TASK TO CARRY OUT.
With the pictures left out, write out exactly the lines of the listing below that run from the line with "中國西藏網訊 9月25日,西" through the line with "前立てのボタンホールを脇のボ".

SOURCE DATA.
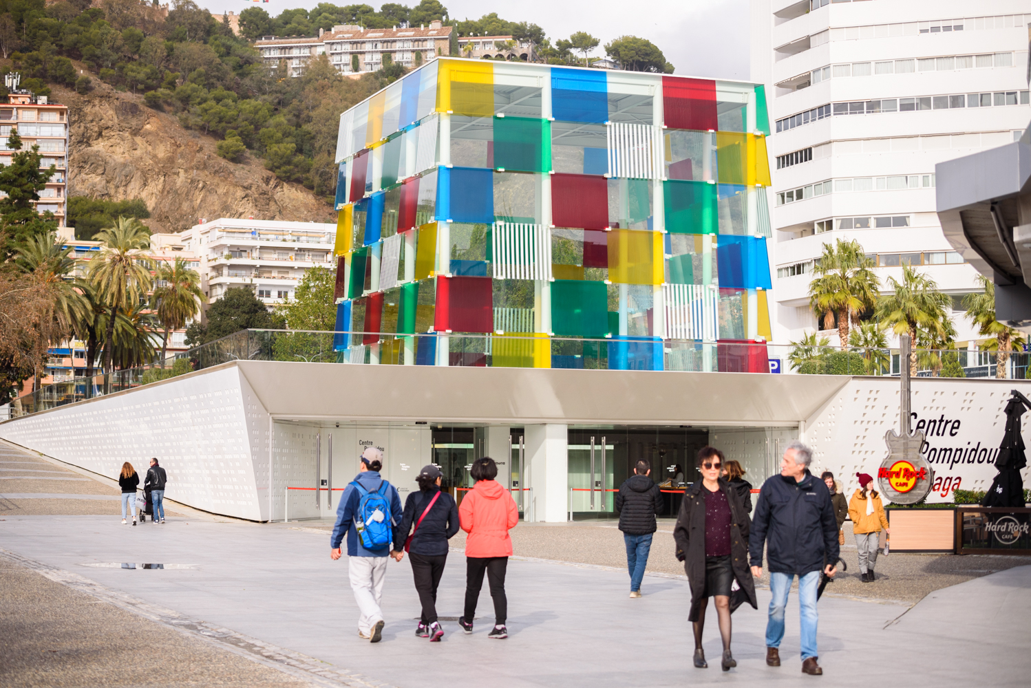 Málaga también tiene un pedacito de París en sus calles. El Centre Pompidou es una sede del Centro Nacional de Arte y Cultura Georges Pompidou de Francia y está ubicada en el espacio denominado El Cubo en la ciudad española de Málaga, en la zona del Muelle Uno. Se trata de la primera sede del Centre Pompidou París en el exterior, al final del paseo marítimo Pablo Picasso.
---
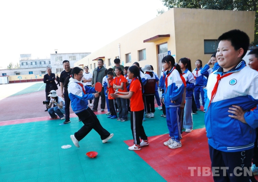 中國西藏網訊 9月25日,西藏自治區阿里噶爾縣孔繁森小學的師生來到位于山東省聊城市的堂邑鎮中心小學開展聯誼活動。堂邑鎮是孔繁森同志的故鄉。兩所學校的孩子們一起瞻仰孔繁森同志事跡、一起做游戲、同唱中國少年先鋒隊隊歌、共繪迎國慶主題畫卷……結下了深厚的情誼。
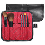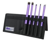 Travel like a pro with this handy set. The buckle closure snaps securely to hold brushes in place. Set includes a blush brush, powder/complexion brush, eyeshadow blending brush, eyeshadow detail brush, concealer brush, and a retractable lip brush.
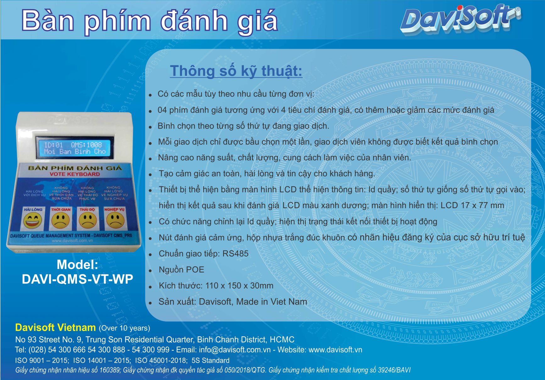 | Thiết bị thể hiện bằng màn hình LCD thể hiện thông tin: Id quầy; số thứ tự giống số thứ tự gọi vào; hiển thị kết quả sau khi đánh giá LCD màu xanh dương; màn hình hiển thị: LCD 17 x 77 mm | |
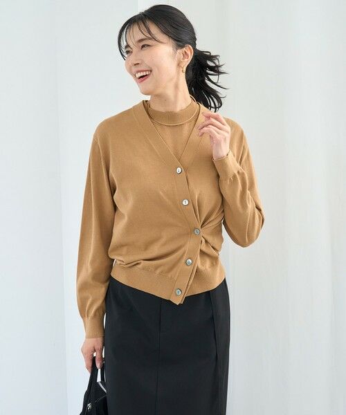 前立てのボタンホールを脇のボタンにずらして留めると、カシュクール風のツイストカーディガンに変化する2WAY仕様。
--
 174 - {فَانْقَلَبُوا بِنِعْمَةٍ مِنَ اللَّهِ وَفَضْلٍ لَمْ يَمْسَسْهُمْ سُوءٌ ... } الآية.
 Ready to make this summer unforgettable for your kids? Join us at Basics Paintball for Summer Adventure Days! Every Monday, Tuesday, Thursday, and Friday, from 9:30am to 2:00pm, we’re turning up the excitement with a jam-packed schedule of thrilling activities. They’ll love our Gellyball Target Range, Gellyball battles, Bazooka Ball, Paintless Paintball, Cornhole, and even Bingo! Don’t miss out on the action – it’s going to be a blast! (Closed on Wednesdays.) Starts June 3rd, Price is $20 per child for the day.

TASK RESPONSE.
 中國西藏網訊 9月25日,西藏自治區阿里噶爾縣孔繁森小學的師生來到位于山東省聊城市的堂邑鎮中心小學開展聯誼活動。堂邑鎮是孔繁森同志的故鄉。兩所學校的孩子們一起瞻仰孔繁森同志事跡、一起做游戲、同唱中國少年先鋒隊隊歌、共繪迎國慶主題畫卷……結下了深厚的情誼。
 Travel like a pro with this handy set. The buckle closure snaps securely to hold brushes in place. Set includes a blush brush, powder/complexion brush, eyeshadow blending brush, eyeshadow detail brush, concealer brush, and a retractable lip brush.
 | Thiết bị thể hiện bằng màn hình LCD thể hiện thông tin: Id quầy; số thứ tự giống số thứ tự gọi vào; hiển thị kết quả sau khi đánh giá LCD màu xanh dương; màn hình hiển thị: LCD 17 x 77 mm | |
 前立てのボタンホールを脇のボタンにずらして留めると、カシュクール風のツイストカーディガンに変化する2WAY仕様。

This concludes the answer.